▸ TASK STATEMENT
Among the lines of data below, reproduce only those from the one with "Classic ticking stripes" through the one with "أكثر من 9 محولات", exactly as they stand, both ends included.

▸ PROVIDED RECORDS
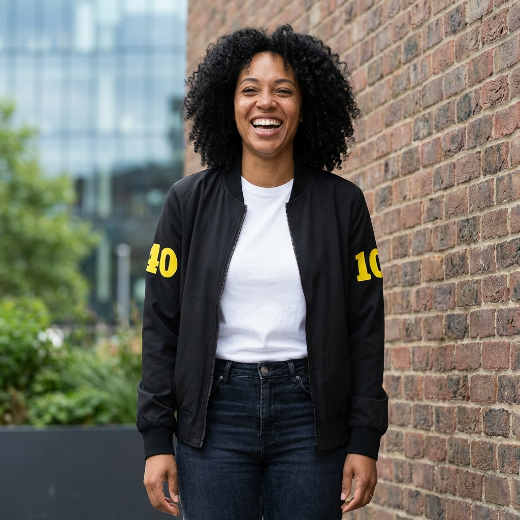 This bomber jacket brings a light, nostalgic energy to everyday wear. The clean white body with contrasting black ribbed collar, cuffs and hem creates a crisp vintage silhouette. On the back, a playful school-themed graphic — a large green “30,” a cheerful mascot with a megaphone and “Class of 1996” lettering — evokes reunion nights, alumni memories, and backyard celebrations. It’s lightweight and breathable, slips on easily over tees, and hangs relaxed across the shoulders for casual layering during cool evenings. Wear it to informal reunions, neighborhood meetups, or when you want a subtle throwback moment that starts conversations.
---
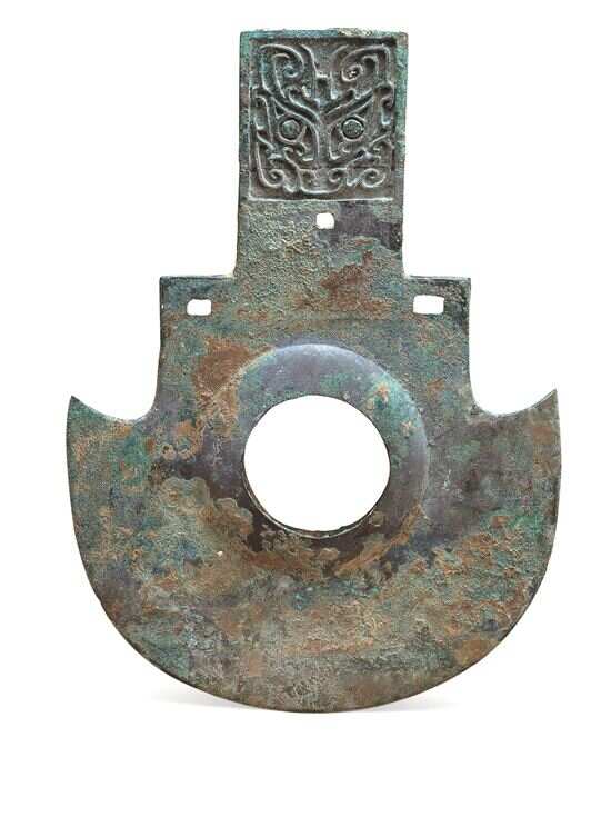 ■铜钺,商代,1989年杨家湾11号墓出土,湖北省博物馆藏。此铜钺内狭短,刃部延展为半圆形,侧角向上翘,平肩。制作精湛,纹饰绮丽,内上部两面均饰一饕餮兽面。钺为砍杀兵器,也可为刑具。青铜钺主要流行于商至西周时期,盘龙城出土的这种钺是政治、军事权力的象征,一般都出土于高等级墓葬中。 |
--
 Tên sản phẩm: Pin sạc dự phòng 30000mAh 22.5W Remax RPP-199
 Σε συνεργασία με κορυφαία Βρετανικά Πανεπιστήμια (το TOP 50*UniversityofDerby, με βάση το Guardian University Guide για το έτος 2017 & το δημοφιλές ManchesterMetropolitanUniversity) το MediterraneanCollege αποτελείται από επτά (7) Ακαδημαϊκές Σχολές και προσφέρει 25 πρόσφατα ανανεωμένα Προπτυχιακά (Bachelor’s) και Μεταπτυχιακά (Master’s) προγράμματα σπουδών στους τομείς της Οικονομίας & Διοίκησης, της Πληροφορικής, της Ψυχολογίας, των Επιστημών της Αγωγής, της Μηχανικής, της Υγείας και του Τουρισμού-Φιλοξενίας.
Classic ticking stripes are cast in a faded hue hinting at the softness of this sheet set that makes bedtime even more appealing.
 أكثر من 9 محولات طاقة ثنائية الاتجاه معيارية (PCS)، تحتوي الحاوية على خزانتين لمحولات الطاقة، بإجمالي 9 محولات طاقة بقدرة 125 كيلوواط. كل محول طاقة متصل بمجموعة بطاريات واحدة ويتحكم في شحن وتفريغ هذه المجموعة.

▸ ANSWER TO THE PROBLEM
Classic ticking stripes are cast in a faded hue hinting at the softness of this sheet set that makes bedtime even more appealing.
 أكثر من 9 محولات طاقة ثنائية الاتجاه معيارية (PCS)، تحتوي الحاوية على خزانتين لمحولات الطاقة، بإجمالي 9 محولات طاقة بقدرة 125 كيلوواط. كل محول طاقة متصل بمجموعة بطاريات واحدة ويتحكم في شحن وتفريغ هذه المجموعة.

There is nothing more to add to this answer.